ESPE Abstracts (2019) 92 FC5.1

Randomised Trial of Block and Replace Versus Dose Titration Antithyroid Drug Treatment in Children and Adolescents with Thyrotoxicosis

Claire Wood1, Michael Cole1, Malcolm Donaldson2, David Dunger3, John Matthews1, Simon Pearce1, Tim Cheetham1


1Newcastle University, Newcastle upon Tyne, United Kingdom. 2Glasgow University, Glasgow, United Kingdom. 3Cambridge University, Cambridge, United Kingdom


Background: First line treatment for thyrotoxicosis is thionamide (TA) antithyroid drug therapy. The TA used is usually Carbimazole in the UK. TA can be administered in a relatively large 'blocking' dose that prevents endogenous thyroid hormone synthesis, requiring thyroid hormone replacement (block and replace or BR), or in a smaller dose that renders the patient euthyroid (dose titration or DT). The American Thyroid Association (ATA) recommends DT because of the reduced risk of side effects on the lower TA dose. Whether BR provides advantages in terms of improved biochemical stability in the young, growing patient is unknown.

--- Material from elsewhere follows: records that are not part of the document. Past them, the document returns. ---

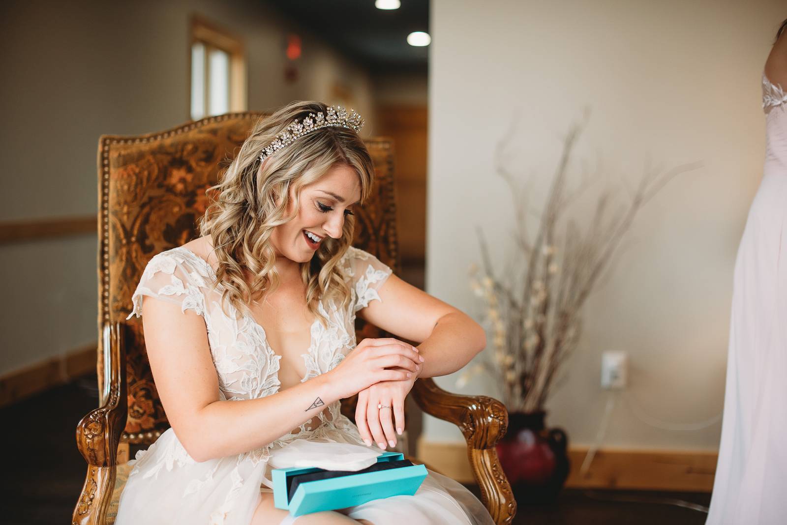 TELL US ABOUT FINDING YOUR ATTIRE: Finding our wedding outfits was an amazing experience. I went to a boutique in Galena, Illinois, called Love Theory Bridal. I had been looking for a dress from a line made in Europe, and Love Theory is one of the only places in the United States that carries this special line. I tried on the one dress they had from them, and I was hooked! It was perfect in every way. It made me look like the princess I feel like, and I could dance in it! It was the perfect mix of elegant and unique.
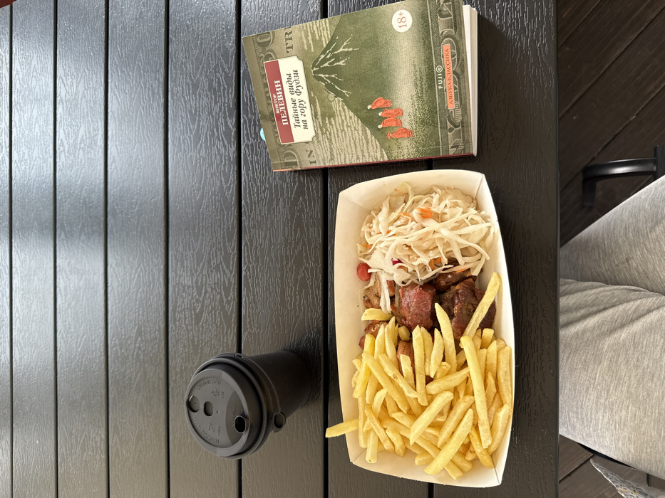 The image presents an overhead view of a casual dining scene at a dark, slatted table in Hrodna, Belarus. In the bottom portion of the frame, the lower legs of a person wearing light grey pants are visible, indicating they are seated at the table. To the left, a black disposable coffee cup with a black lid is positioned diagonally. Centrally, a rectangular white paper tray holds a meal composed of golden-brown french fries on the left, and a mix of dark brown meat chunks, sliced white onions, and shredded white cabbage with red specks on the right. To the right of the tray, a paperback book titled "Тайные виды на гору Фудзи" (Secret Views of Mount Fuji) by Viktor Pelevin is laid open or face up. The book cover features a stylized green mountain and five small orange figures walking at its base, along with an "18+" age rating. A blue bookmark protrudes from the top of the book. A partial view of a black chair arm is visible on the far right.
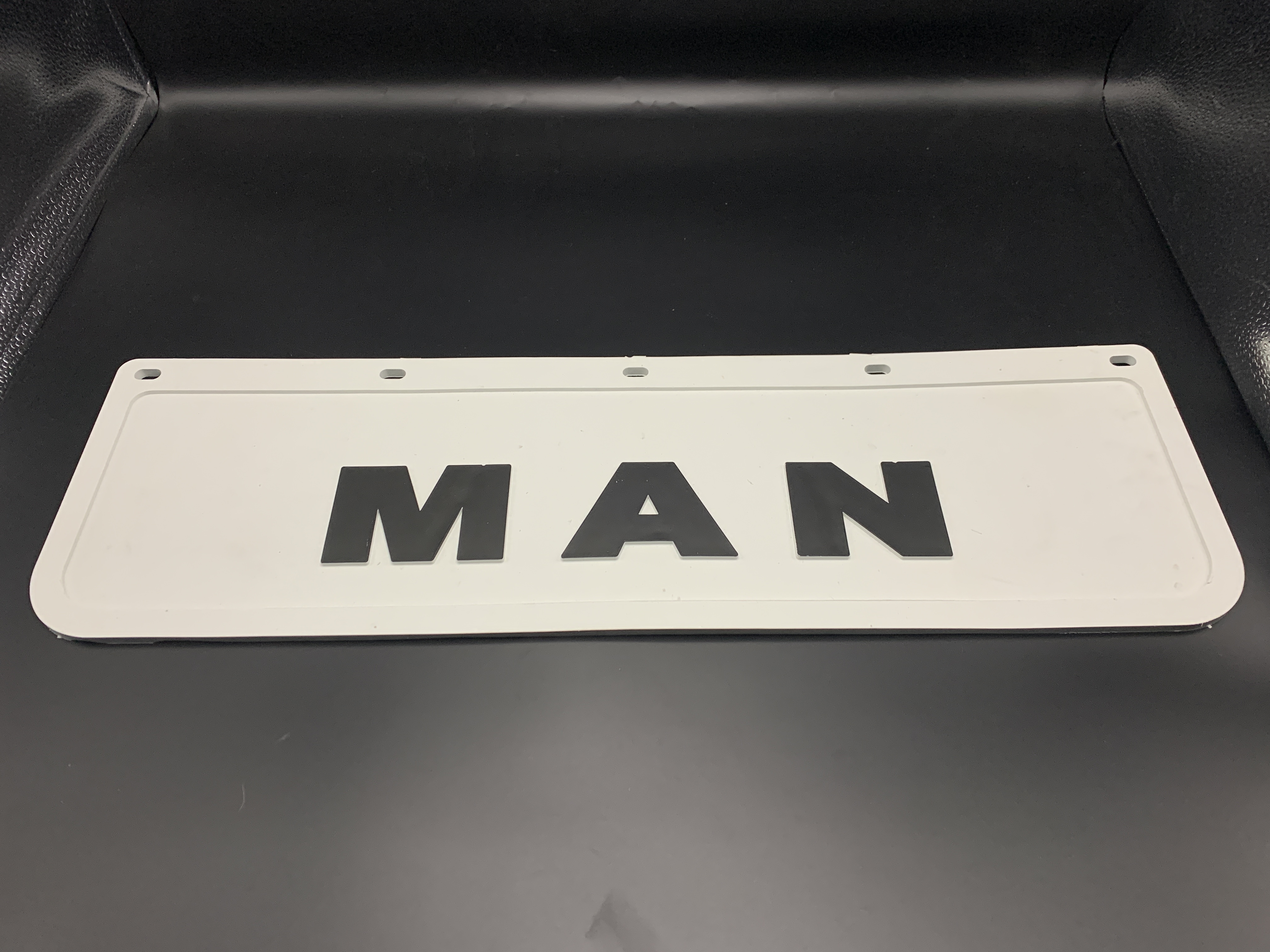 Бризковик на крило кабіни з об'ємним малюнком "MAN" 180"600 білий GURBUZ PLASTIK (GP0605)

Method: We conducted a multi-centre phase III, open-label randomised trial comparing BR with DT in newly diagnosed patients with thyrotoxicosis less than 17years (y) old who were recruited at 15 United Kingdom units. 81 patients (12 aged 2 to 9y and 69 aged 10 to 16y) were randomised to BR or DT shortly after diagnosis and then treated with ATD for 3 years. The primary outcome for each patient was the proportion of TSH levels in the local reference range for visits (scheduled every 3 months) between 6 months and 3 years. Secondary outcomes included the proportion of FT4 levels in the reference range, frequency of adverse events and outcome (remission/relapse) at 4y.

Results: 81 patients (62 Female) were randomised, 40 to BR (20 with a FT4 >50pmol/l) and 41 to DT (19 with a FT4 >50pmol/l); 7 were lost to follow-up, 3 withdrew from the trial with 1 ineligible. The mean proportion of serum TSH within reference range was 60.2% (BR patients) compared to 63.8% (DT patients); adjusted difference 4.3%, P=0.48, 95% CI (-7.8,16.4). Corresponding quantities for FT4 were 79.2% (BR patients) compared to 85.7% (DT patients); adjusted difference 6.8%, P=0.13, (-0.2,15.6). 45 patients (23 BR, 22 DT) reported at least one adverse event related or possibly related to ATD: for these patients the median number of such AEs was 3 (BR) & 2 (DT). 3 patients developed neutropenia in the BR group (none in DT). 6 BR and 10 DT patients were in remission at 4y. 17 BR and 24 DT patients relapsed. 13 remained on ATD beyond 3 years (9BR, 3DT).

Conclusions: This trial has shown no evidence to suggest that BR is associated with improved biochemical stability. DT, as recommended by the ATA, is the preferred approach to TA administration in growing people with thyrotoxicosis in the longer term.